Бийл внезапно встал.
– Одну минуту, я сейчас вернусь, – пробормотал он. – Сидите, не вставайте. – Поднимаясь, он стукнулся о стол, опять с размаху сел на мягкое сиденье, снова встал, неторопливо выбрался из-за стола и пошел, ступая медленно и осторожно. Пройдя два-три шага, он обернулся.
– Понадобилось выйти, – объяснил он, напряженно глядя на Педерсона. Он прошел еще два шага и опять обернулся. – Закажите мне еще виски, – сказал он и очень осторожно, скорее старческой, чем пьяной походкой вышел из бара.
Через десять минут Педерсон отправился искать Бийла. Его не оказалось ни в мужской комнате, ни поблизости. Телефон в его номере не отвечал. Бийл исчез. Педерсон досадовал, злился, но вместе с тем испытывал облегчение. Ему захотелось уехать как можно скорее, а сейчас это можно было сделать не прощаясь, без длинных, вымученных разговоров. Он вернулся в бар, заплатил за выпитые им три бокала виски и написал фамилию Бийла на счете за его обед и виски. Затем он вышел из гостиницы и, ускоряя шаги, направился за угол, к стоянке машин. Он вывел свою машину, постарался проехать как можно быстрее через центр города и, приближаясь к окраине, все прибавлял скорость; когда он проехал метров сто по длинному холму, откуда начиналась дорога на Лос-Аламос, спидометр показывал семьдесят миль.

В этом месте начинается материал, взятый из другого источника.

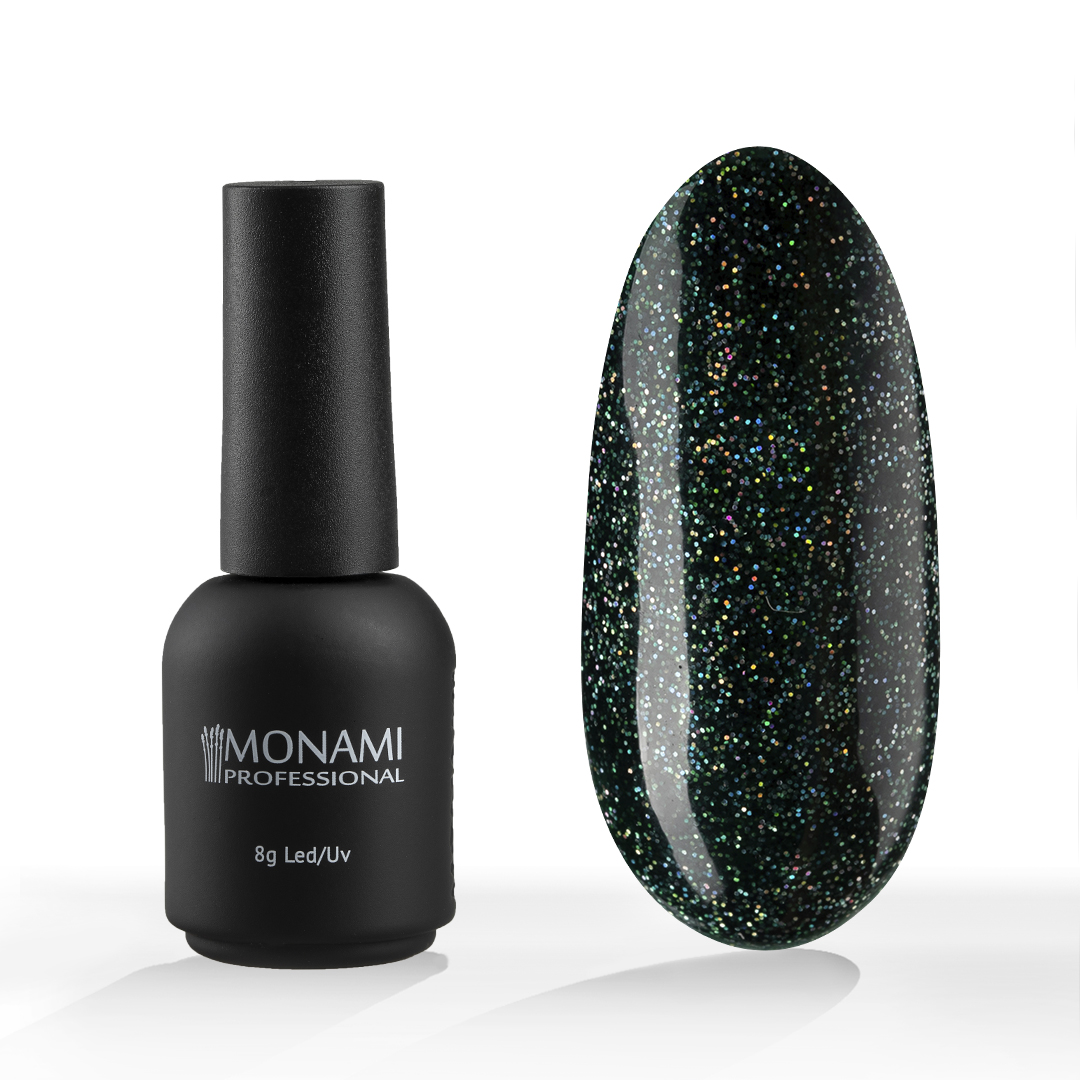 Гель-лак Monami насыщенного зеленого цвета с большим количеством голографических блёсток, средней консистенции.
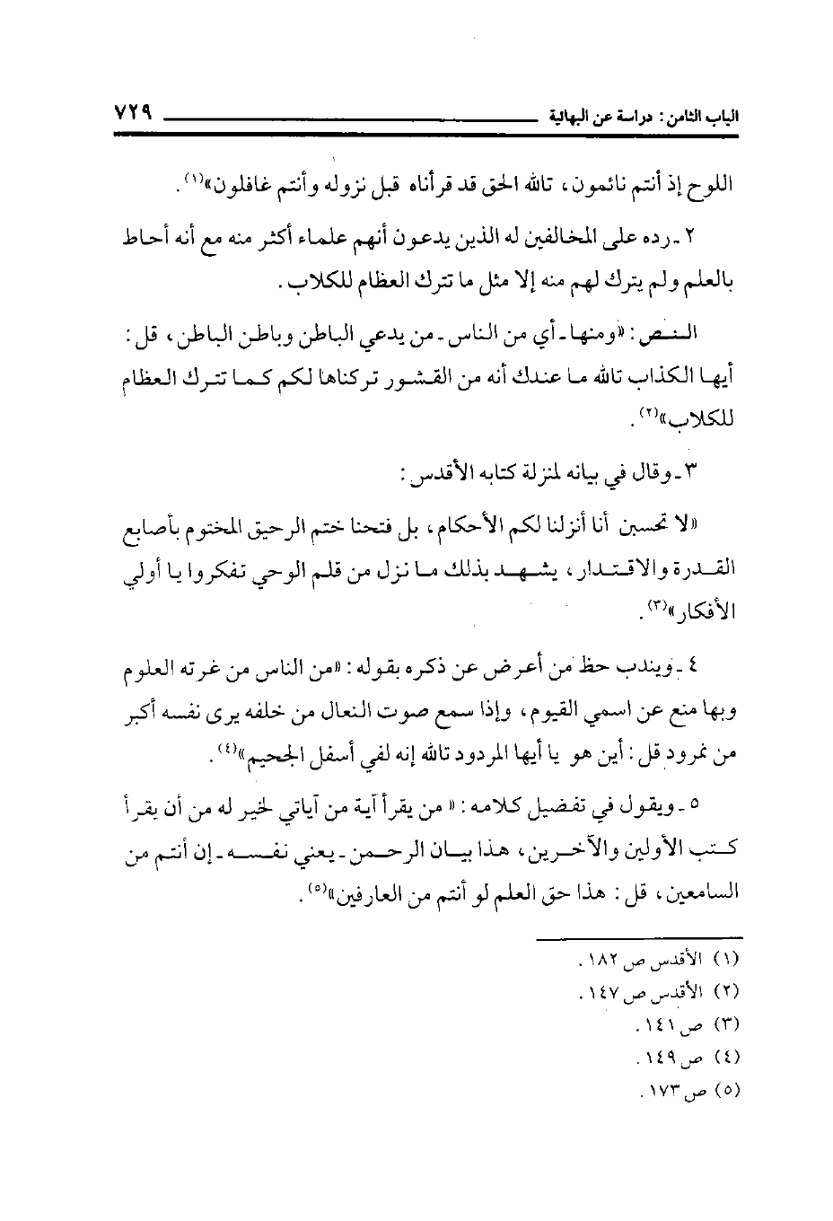 ويقول في تفضيل كلامه: ((من يقرأ من آياتي لخير له من أن يقرأ كتب الأولين والآخرين، هذا بيان الرحمن- يعني نفسه- إن أنتم من السامعين، قل: هذا حق العلم لو أنتم من العارفين)) (¬5) .

Посидев минут двадцать на скамейке у самой площади, Бийл почувствовал себя лучше. Он видел, как Педерсон вышел из гостиницы и пошел к стоянке. Он смотрел на него без всякого интереса. Он сидел один, хотя все другие скамьи на площади были заняты народом; там были старики, старухи, юные парочки, мальчишки, которые оживленно разговаривали вполголоса, потом начинали чуть ли не кричать, разражались хохотом и опять утихали. По площади во всех направлениях неторопливо двигались люди. Автомобильное движение на четырех окаймлявших площадь улицах почти прекратилось – лишь изредка проезжала одинокая машина. Деревья тихо шелестели листвой. Бийл провожал глазами проходивших мимо девушек. Тут были американки, испанки и индианки, были и полукровки. Большей частью они быстро проходили мимо, не обращая внимания на оклики и свистки парней. Но некоторые останавливались и вступали с ними в разговор. И ни одна не заговорила с Бийлом, который в упор разглядывал каждую.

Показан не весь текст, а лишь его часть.